Taraflar arasındaki kooperatif üyeliğinin tespiti, varsa ihraç kararının iptali, tahsise uygun konut bulunup bulunmadığının, borçlu olup olmadığının tespiti davasının yapılan yargılaması sonunda ilamda yazılı nedenlerden dolayı davanın kabulüne yönelik olarak verilen hükmün süresi içinde davalı vekilince temyiz edilmesi üzerine dosya incelendi, gereği konuşulup düşünüldü.
-K A R A R-
Davacı vekili, davalı kooperatifin ortağı olan müvekkilinin ….03.2006 tarihli ihtarname ile davalıdan konut tahsis işleminin gerçekleştirilmesini talep ettiğini, kooperatif kayıtlarında müvekkilin kaydına rastlanmadığının cevaben bildirildiğini ileri sürerek, müvekkilinin davalı kooperatifteki üyeliğinin tespitini, müvekkil hakkında ortaklıktan çıkarma kararı bulunması halinde, usulsüz ve hukuka aykırı kararın iptalini, müvekkile tahsis edilmeye uygun konut bulunup bulunmadığının tespitini, konut bulunduğu takdirde, müvekkilinin davalı kooperatife borcu bulunup bulunmadığının, bulunmakta ise miktarının tespitine karar verilmesini talep ve dava etmiştir.
Davalı vekili, kooperatifin 2005 yılında işletme kooperatifine dönüştüğünü, öncelikle davanın husumet nedeniyle reddi gerektiğini, davacının ….04.1995 tarihli yönetim kurulu kararıyla ortaklıktan ihraç edildiğini, davacının sunduğu ödeme belgelerinden en son ödemesinin 1998 yılında yaptığının anlaşıldığını, sekiz yıl aradan sonra bu davanın açılmasının hakkın kötüye kullanılması niteliğinde olduğunu, davacıya verilecek konut bulunmadığını savunarak, davanın reddini istemiştir.
Mahkemece, iddia, savunma, benimsenen bilirkişi raporu ve tüm dosya kapsamına göre; davacıya mali yükümlülükleri yerine getirmesi için gönderilen ikinci ihtarnamenin tebliğ edilmemesi nedeniyle ihraç kararının usulsüz olduğu gerekçesiyle davanın kabulüne, davacının üyelikten ihracına ilişkin ….04.1995 tarih ve 903 karar numaralı genel kuruluna davacıyı üyelikten ihracına ilişkin işlemin iptali ile davacının üyeliğinin tespitine, davacıya tüm ödemelerini diğer üyeler ile eşit şekilde yerine getirmesi kaydı ile uygun konut tahsisine karar verilmiştir.

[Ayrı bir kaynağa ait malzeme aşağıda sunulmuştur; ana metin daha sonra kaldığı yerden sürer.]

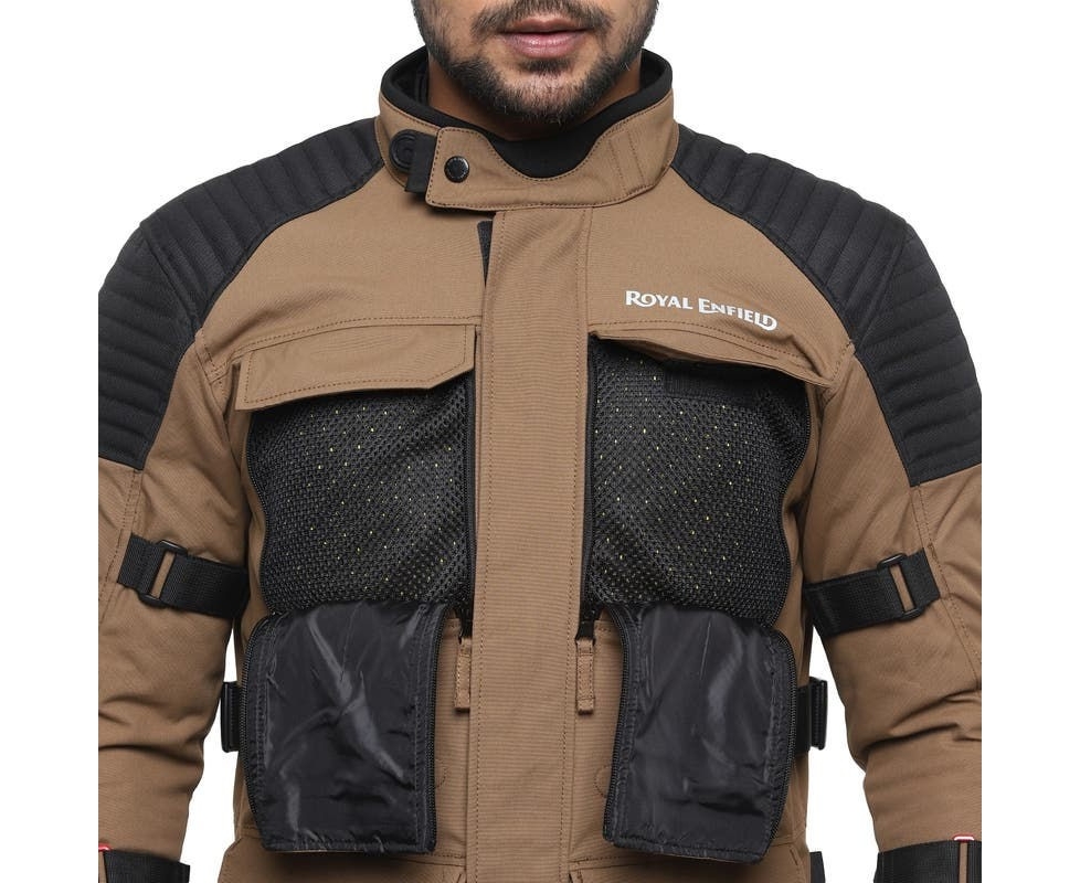The Royal Enfield NIRVIK jacket creates a new standard in touring jackets. Crafted from high-density NYLON & Cordura fabrics, quipped with D3O – T5 EVO PRO/CE Level 2 protectors around the shoulders and elbows, this jacket provides superior protection against impact and abrasion yet remains light. CE certified Level 1 protection at the back and Level 2 at the chest adds another layer of safety, whether on asphalt or gravel. In addition, an array of features like a detachable thermal layer, a rain-jacket that can be worn either as an inner or outer liner, large ventilation areas in high airflow mesh, and five spacious pockets for storing essentials, makes this jacket the best bet for creating legends, be it cruising the highways or blazing new trails.

Kararı, davalı vekili temyiz etmiştir.
…) Davalı vekilinin ihraç iptaline ve üyelik tespitine ilişkin hükme yönelik temyiz itirazları yönünden;
a) Dosyadaki yazılara, kararın dayandığı delillerle gerektirici sebeplere, delillerin takdirinde bir isabetsizlik bulunmamasına göre, davalı vekilinin aşağıdaki bendin kapsamı dışında kalan diğer temyiz itirazları yerinde değildir.
b) Davacı, davalının gönderdiği ….04.2006 tarihli cevabi ihtarı üzerine ihraç edilmiş olabileceğini dava dilekçesinde ileri sürerek, davayı 06.07.2006 tarihinde açmış olup, davalı, davacının en son 1998 yılında ödeme yaptığını, bundan … yıl sonra bu davanın açılmasının hakkın kötüye kullanılması niteliğinde olduğunu savunmuştur.

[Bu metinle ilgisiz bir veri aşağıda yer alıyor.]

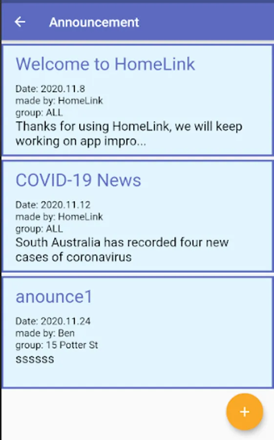 HomeLink is an app that contains communication, announcement, personal profile, calender, and group management.

Kooperatiften çıkarılan ortağın hak ve borçları, 1163 sayılı Kooperatifler Kanunu’nun …/son maddesi gereğince ihraç kararının kesinleşmesine kadar devam eder. Aidat yükümlülüğü bulunan bir kooperatife ortağın uzun süre uğramaması, aidat borcunun bulunup bulunmadığını takip etmemesi halinde üyeliğinin sona erdiğini ortağın zımnen kabul ettiği, diğer anlatımla üyelik haklarından zımnen vazgeçtiği, eylemli olarak ortaklıktan çıkma iradesini yansıttığı ve böyle bir davacının açtığı davanın TMK’nın …. maddesinde öngörülen iyiniyet kuralına aykırı düştüğü ilke olarak kabul edilmelidir.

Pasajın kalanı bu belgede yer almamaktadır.